What this task involves: With the pictures removed, please write out every line below exactly as given.

[Records from a data source]
═══

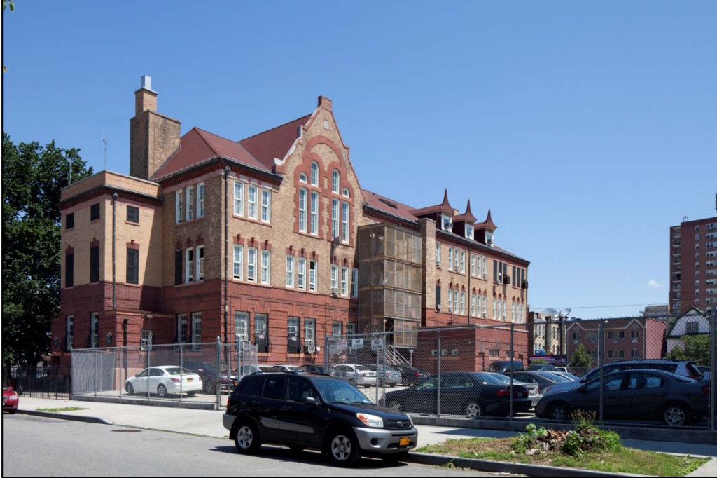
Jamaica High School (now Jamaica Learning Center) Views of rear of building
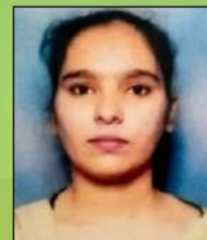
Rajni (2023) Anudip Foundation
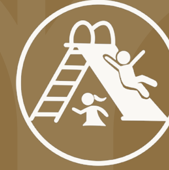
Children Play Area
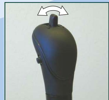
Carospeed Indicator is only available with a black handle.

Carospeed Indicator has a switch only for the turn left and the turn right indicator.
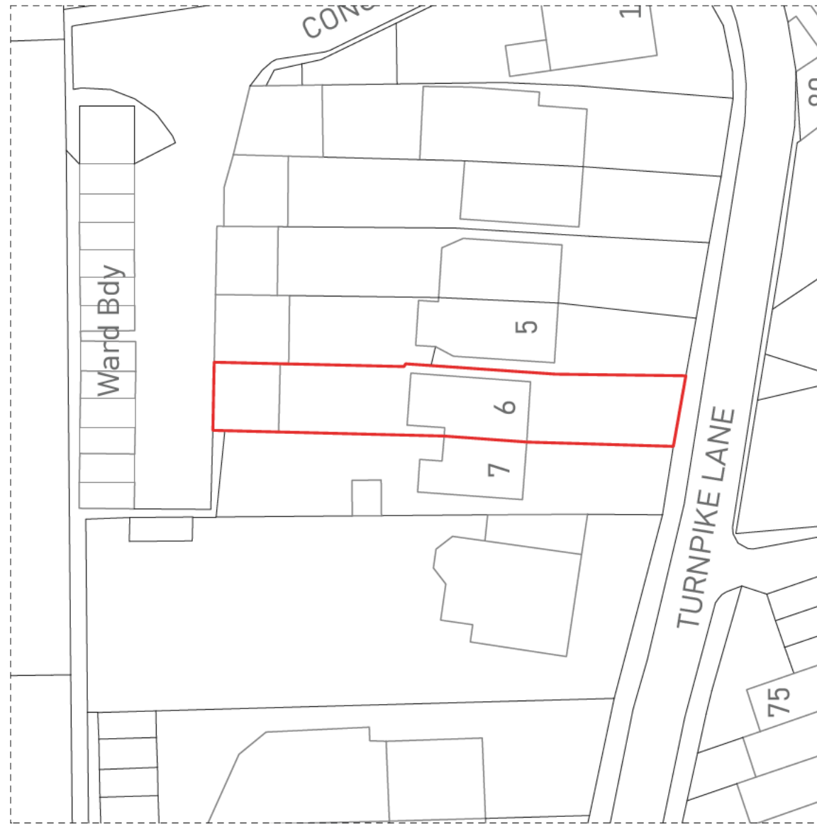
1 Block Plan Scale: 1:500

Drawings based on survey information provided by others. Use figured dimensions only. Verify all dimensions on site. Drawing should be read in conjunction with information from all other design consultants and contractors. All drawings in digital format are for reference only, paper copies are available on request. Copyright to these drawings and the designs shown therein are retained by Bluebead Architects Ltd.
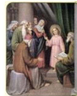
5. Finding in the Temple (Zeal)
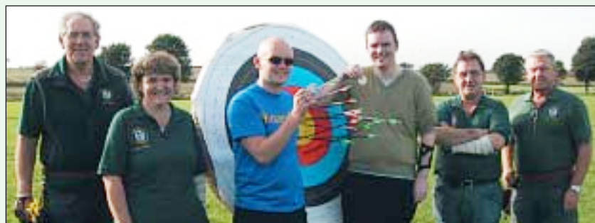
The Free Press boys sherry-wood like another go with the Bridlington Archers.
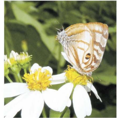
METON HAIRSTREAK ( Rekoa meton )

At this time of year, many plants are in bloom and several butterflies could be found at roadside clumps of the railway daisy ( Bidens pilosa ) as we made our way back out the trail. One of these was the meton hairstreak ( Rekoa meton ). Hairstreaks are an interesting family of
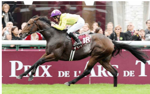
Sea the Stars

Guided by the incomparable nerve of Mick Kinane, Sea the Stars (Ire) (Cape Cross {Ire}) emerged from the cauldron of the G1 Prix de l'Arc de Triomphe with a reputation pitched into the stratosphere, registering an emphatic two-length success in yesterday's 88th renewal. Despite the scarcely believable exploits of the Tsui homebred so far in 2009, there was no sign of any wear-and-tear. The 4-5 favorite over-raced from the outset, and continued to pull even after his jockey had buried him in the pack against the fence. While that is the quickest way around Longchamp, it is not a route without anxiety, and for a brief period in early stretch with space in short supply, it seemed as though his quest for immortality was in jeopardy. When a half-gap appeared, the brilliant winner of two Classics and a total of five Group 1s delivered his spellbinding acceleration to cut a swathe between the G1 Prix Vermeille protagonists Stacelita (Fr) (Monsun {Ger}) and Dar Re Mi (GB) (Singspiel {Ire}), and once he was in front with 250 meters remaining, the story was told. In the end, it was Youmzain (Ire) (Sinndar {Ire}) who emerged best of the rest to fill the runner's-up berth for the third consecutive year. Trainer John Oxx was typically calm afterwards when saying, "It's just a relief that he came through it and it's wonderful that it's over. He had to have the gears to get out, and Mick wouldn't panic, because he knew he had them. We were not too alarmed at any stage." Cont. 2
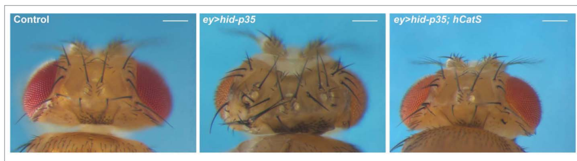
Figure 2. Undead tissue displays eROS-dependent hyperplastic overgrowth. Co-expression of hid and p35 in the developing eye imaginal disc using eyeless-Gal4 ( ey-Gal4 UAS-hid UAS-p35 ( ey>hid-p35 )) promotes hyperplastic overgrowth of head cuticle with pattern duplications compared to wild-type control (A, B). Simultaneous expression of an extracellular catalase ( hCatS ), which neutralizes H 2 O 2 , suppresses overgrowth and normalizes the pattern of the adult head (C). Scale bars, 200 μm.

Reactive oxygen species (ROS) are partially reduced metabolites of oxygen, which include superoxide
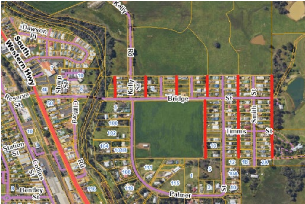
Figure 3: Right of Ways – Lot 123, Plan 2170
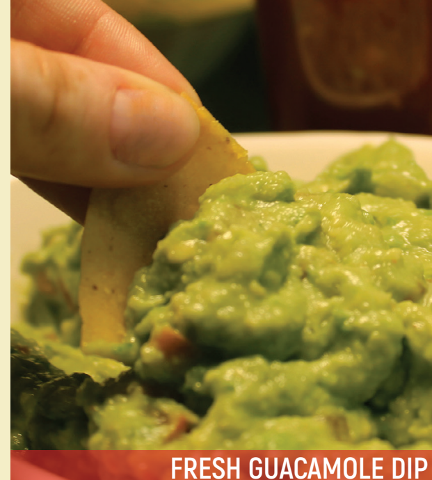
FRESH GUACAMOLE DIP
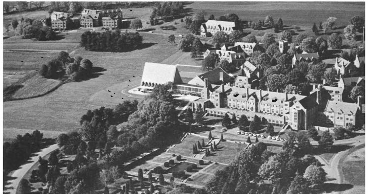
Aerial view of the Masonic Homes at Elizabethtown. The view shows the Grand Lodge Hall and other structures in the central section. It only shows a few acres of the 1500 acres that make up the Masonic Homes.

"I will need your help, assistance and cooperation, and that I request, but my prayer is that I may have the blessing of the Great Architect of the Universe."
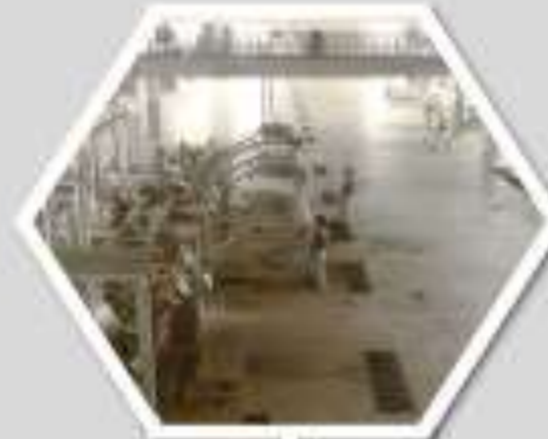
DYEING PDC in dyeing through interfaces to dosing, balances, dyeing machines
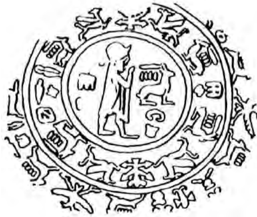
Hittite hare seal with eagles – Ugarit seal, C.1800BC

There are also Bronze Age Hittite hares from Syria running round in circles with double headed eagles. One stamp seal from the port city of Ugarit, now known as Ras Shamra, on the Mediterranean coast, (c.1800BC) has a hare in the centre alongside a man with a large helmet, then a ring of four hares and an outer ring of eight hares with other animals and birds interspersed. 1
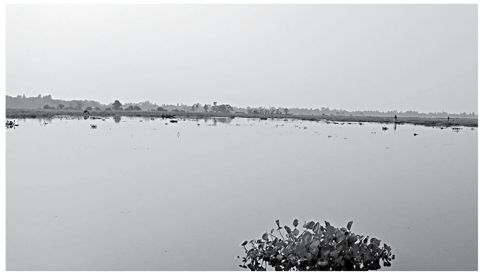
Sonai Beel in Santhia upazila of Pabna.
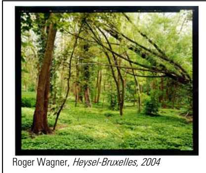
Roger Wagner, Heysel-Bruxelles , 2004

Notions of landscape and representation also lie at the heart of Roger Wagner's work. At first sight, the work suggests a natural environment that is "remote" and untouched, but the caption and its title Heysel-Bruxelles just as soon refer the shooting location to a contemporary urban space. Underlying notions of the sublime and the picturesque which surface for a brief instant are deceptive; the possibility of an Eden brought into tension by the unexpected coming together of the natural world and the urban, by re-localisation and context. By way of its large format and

═══

Exercise result:
Jamaica High School (now Jamaica Learning Center) Views of rear of building
Rajni (2023) Anudip Foundation
Children Play Area
Carospeed Indicator is only available with a black handle.

Carospeed Indicator has a switch only for the turn left and the turn right indicator.
1 Block Plan Scale: 1:500

Drawings based on survey information provided by others. Use figured dimensions only. Verify all dimensions on site. Drawing should be read in conjunction with information from all other design consultants and contractors. All drawings in digital format are for reference only, paper copies are available on request. Copyright to these drawings and the designs shown therein are retained by Bluebead Architects Ltd.
5. Finding in the Temple (Zeal)
The Free Press boys sherry-wood like another go with the Bridlington Archers.
METON HAIRSTREAK ( Rekoa meton )

At this time of year, many plants are in bloom and several butterflies could be found at roadside clumps of the railway daisy ( Bidens pilosa ) as we made our way back out the trail. One of these was the meton hairstreak ( Rekoa meton ). Hairstreaks are an interesting family of
Sea the Stars

Guided by the incomparable nerve of Mick Kinane, Sea the Stars (Ire) (Cape Cross {Ire}) emerged from the cauldron of the G1 Prix de l'Arc de Triomphe with a reputation pitched into the stratosphere, registering an emphatic two-length success in yesterday's 88th renewal. Despite the scarcely believable exploits of the Tsui homebred so far in 2009, there was no sign of any wear-and-tear. The 4-5 favorite over-raced from the outset, and continued to pull even after his jockey had buried him in the pack against the fence. While that is the quickest way around Longchamp, it is not a route without anxiety, and for a brief period in early stretch with space in short supply, it seemed as though his quest for immortality was in jeopardy. When a half-gap appeared, the brilliant winner of two Classics and a total of five Group 1s delivered his spellbinding acceleration to cut a swathe between the G1 Prix Vermeille protagonists Stacelita (Fr) (Monsun {Ger}) and Dar Re Mi (GB) (Singspiel {Ire}), and once he was in front with 250 meters remaining, the story was told. In the end, it was Youmzain (Ire) (Sinndar {Ire}) who emerged best of the rest to fill the runner's-up berth for the third consecutive year. Trainer John Oxx was typically calm afterwards when saying, "It's just a relief that he came through it and it's wonderful that it's over. He had to have the gears to get out, and Mick wouldn't panic, because he knew he had them. We were not too alarmed at any stage." Cont. 2
Figure 2. Undead tissue displays eROS-dependent hyperplastic overgrowth. Co-expression of hid and p35 in the developing eye imaginal disc using eyeless-Gal4 ( ey-Gal4 UAS-hid UAS-p35 ( ey>hid-p35 )) promotes hyperplastic overgrowth of head cuticle with pattern duplications compared to wild-type control (A, B). Simultaneous expression of an extracellular catalase ( hCatS ), which neutralizes H 2 O 2 , suppresses overgrowth and normalizes the pattern of the adult head (C). Scale bars, 200 μm.

Reactive oxygen species (ROS) are partially reduced metabolites of oxygen, which include superoxide
Figure 3: Right of Ways – Lot 123, Plan 2170
FRESH GUACAMOLE DIP
Aerial view of the Masonic Homes at Elizabethtown. The view shows the Grand Lodge Hall and other structures in the central section. It only shows a few acres of the 1500 acres that make up the Masonic Homes.

"I will need your help, assistance and cooperation, and that I request, but my prayer is that I may have the blessing of the Great Architect of the Universe."
DYEING PDC in dyeing through interfaces to dosing, balances, dyeing machines
Hittite hare seal with eagles – Ugarit seal, C.1800BC

There are also Bronze Age Hittite hares from Syria running round in circles with double headed eagles. One stamp seal from the port city of Ugarit, now known as Ras Shamra, on the Mediterranean coast, (c.1800BC) has a hare in the centre alongside a man with a large helmet, then a ring of four hares and an outer ring of eight hares with other animals and birds interspersed. 1
Sonai Beel in Santhia upazila of Pabna.
Roger Wagner, Heysel-Bruxelles , 2004

Notions of landscape and representation also lie at the heart of Roger Wagner's work. At first sight, the work suggests a natural environment that is "remote" and untouched, but the caption and its title Heysel-Bruxelles just as soon refer the shooting location to a contemporary urban space. Underlying notions of the sublime and the picturesque which surface for a brief instant are deceptive; the possibility of an Eden brought into tension by the unexpected coming together of the natural world and the urban, by re-localisation and context. By way of its large format and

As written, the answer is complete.